House Panel Revisits File-Sharing Security
The House Oversight and Government Reform Committee will wade back into the debate over inadvertent file-sharing over peer-to-peer networks next Wednesday. The panel has scheduled a hearing that will focus on how popular platform LimeWire and other services could endanger citizens and jeopardize national security. Lime Group Chairman Mark Gorton, Tiversa CEO Robert Boback and Progress and Freedom Foundation Senior Fellow Thomas Sydnor are scheduled to testify. The committee held similar hearings in July 2007 and four years earlier. After the 2003 hearing, the P2P industry adopted a voluntary code of conduct to prevent inadvertent disclosures of sensitive information.
In March 2007, the Patent and Trademark Office released a report suggesting that inadvertent file-sharing may still be a serious problem and that the industry might not be living up to its promises. In response to the PTO report, committee staff conducted its own probe. Using LimeWire, aides ran a series of common searches during a one month period.

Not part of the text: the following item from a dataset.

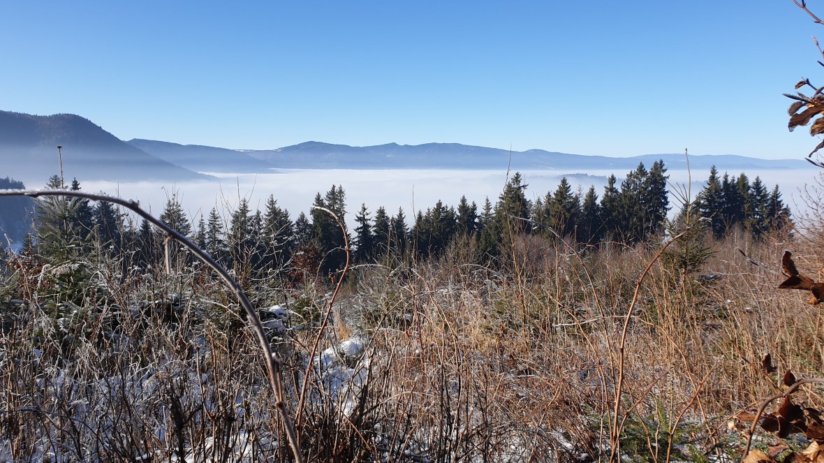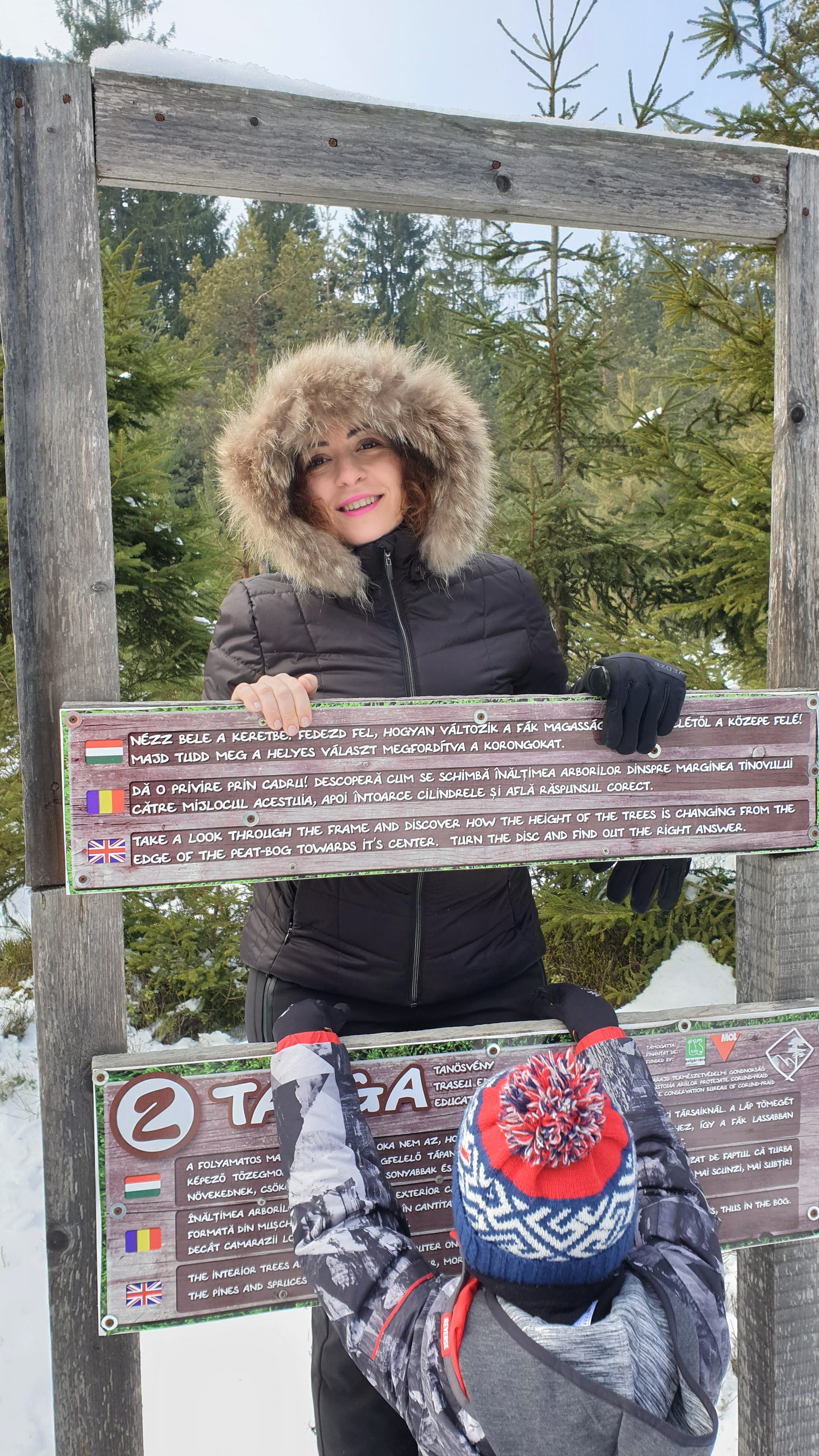 Am pornit apoi intr-o noua calatorie cu caruta, de aceasta data pe platoul vulcanic de deasupra Corundului, unde ne-am bucurat de peisaje incredibile, sate izolate, zapada si am patruns in universul siberian, mai exact in ireala taiga romaneasca „Tinovul de la Fantana Brazilor”. Tinovul este un refugiu glaciar ce ofera adapost numeroaselor specii de plante si animale care au rezistat schimbarilor climatice post glaciare, tocmai datorita micro-climatului racoros si umbros.

They were able to easily obtain personal bank records and tax forms, attorney-client communications, corporate strategy documents for Fortune 500 companies, confidential corporate accounting documents, government emergency response plans, and even military operation orders.
Meanwhile, Rep. Mary Bono Mack, R-Calif., who is not on the committee, introduced legislation earlier this year that would help educate Internet users about P2P privacy and security risks. The bill came on the heels of reports that file-sharing software was implicated in a security breach involving Marine One, the helicopter used by President Obama. Bono Mack's measure, which was cosponsored by Rep. John Barrow, D-Ga., and Energy and Commerce ranking member Joe Barton, would ensure P2P programs cannot be installed without providing clear notice and obtaining user consent. It would also make it illegal for firms to prohibit users from blocking, disabling, or removing the software.